Yup, you recharge them in the oven. Done it quite a few times.


----------



## Auntie (Oct 4, 2014)

Denton said:


> Yup, you recharge them in the oven. Done it quite a few times.


Are you going to tell us how you have done it or should we google it and hope that we pick the correct way?


----------



## Farmboyc (May 9, 2015)

Only health concerns would be if these packs absorbed anything other that water vapor. If they were in a chemical rich environment I would keep them out of the oven. A toaster oven works well. Just set the oven temp above the boiling point of water and it will drive the water vapor put of the silica gel.


----------



## Mad Trapper (Feb 12, 2014)

Arklatex said:


> I got my hands on a few of the large desiccant packs from work. About the size of a deck of cards. They have been exposed to the humidity for a good while before I got them. I've heard in the past that these things can be "recharged" I have seen tutorials on how to do this using ovens, microwave and dehydrators. Have any of yall done this? I would like to put these in some ammo cans if they can be safely recharged. Is there any health concerns regarding doing this since all techniques require the use of things we process food in?

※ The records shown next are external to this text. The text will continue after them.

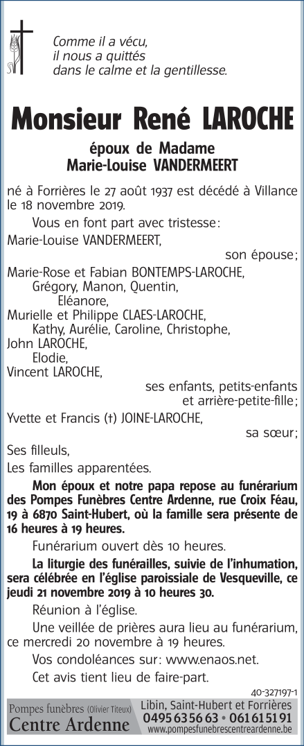 Décédé à Villance (6890) le lundi 18 novembre 2019 à l'âge de 82 ans
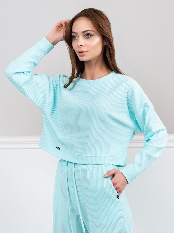 Легкий укороченный лонгслив свободного кроя со спущенной линией плеча. Оформлен пришивным декоративным элементом на полочке с наименованием бренда.
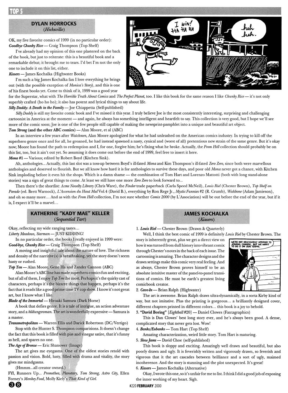 Milo George includes it in his top 5 in The Comics Journal #220, page 37:
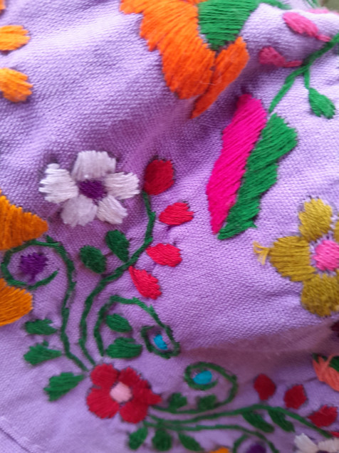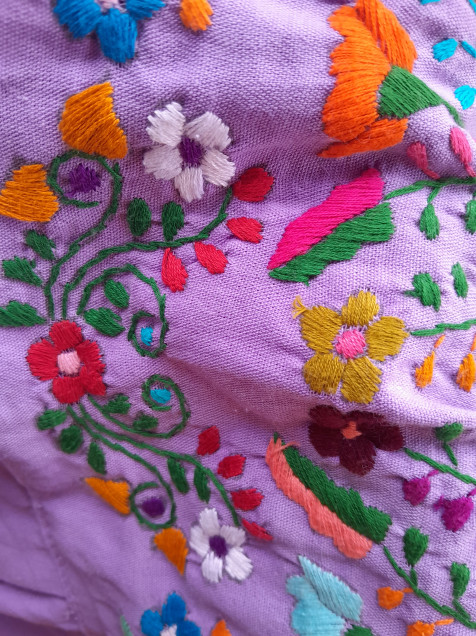 Vestido Lirio en Manta Artesanal - Diseño Floral Bordado a Mano
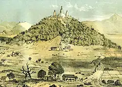 This was the place where British traveller Colonel William Kirkpatrick set up his camp when he visited Kathmandu in 1793 as the envoy of Charles Cornwallis, the governor-general of British India. Kirkpatrick has written in his account of the visit, "Our camp, during the single week we resided in Nepaul, was pitched on a rising but broken spot of ground, close to the east foot of Sumbhoo-nath, and not quite a mile distance from Khatmanda."[9]
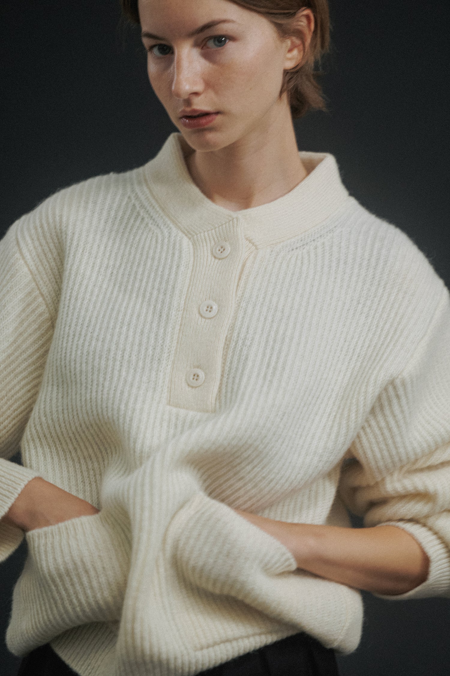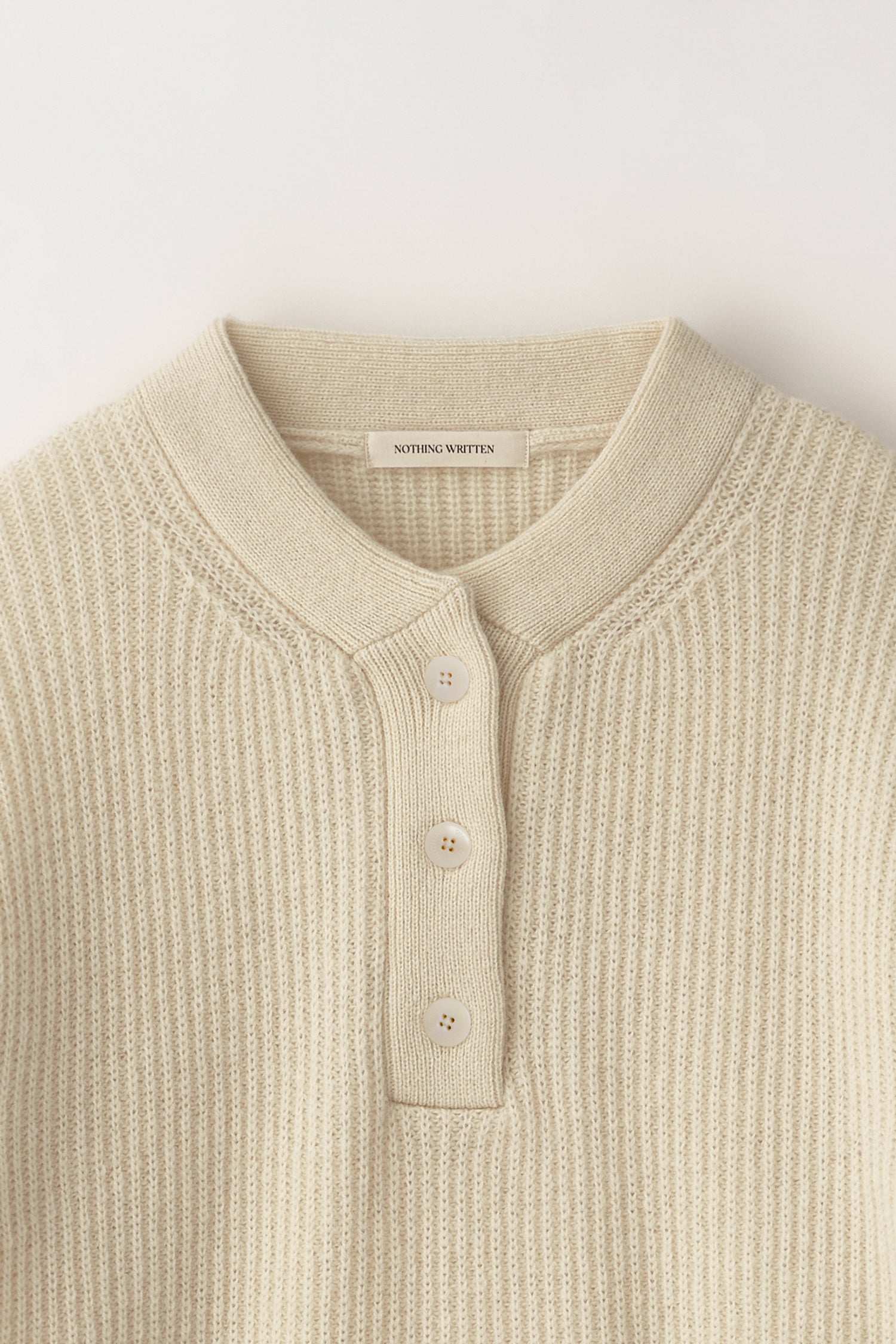 NOTHING WRITTEN SHETLAND WOOL HENLEY - NECK PULLOVER - IVORY
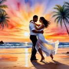 Pareja bailando kizomba, playa tropical, puesta de sol rojiza, olas espumosas, arena dorada, palmeras en el fondo, cielo en tonos cálidos, vestimenta elegante, movimiento fluido, expresiones alegres, acuarela detallada, estilo realista con toque romántico, alto contraste de colores, iluminación suave, arte inspirado en la naturaleza, enfoque en la conexión de la pareja, técnica de acuarela experta, calidad excepcional.
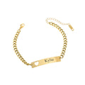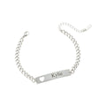 Simple, elegant, and full of meaning — this personalised name bracelet is crafted with a sleek bar design and a delicate cut-out heart, symbolising love and connection. Each bracelet can be engraved with a custom name or meaningful word, making it a timeless keepsake for yourself or a thoughtful gift for someone special.

If it is calcium sulfate it can be regenerated by baking the water off at ca. 425 oF/210 oC.

It is commonly mixed with an indicator, copper (II) sulfate, which is blue when dry and pink when hydrated.

https://secure.drierite.com/catalog3/page19b.cfm

Whoops! Cobalt (II) chloride not copper sulfate is the indicator


----------



## tinkerhell (Oct 8, 2014)

hadnt thought about it before, but sure! it sounds like a good idea. if the temp of boiling water kills most organisms in water, then it would make sense that the same( or slightly higher) oven temp (once the package is fully saturated with heat) would reset or kill off anything bacteria inside the desiccant bag.


----------



## Mad Trapper (Feb 12, 2014)

You need to get much higher than bp of water to drive off the water from the hydrate. The indicator will turn blue again when dried.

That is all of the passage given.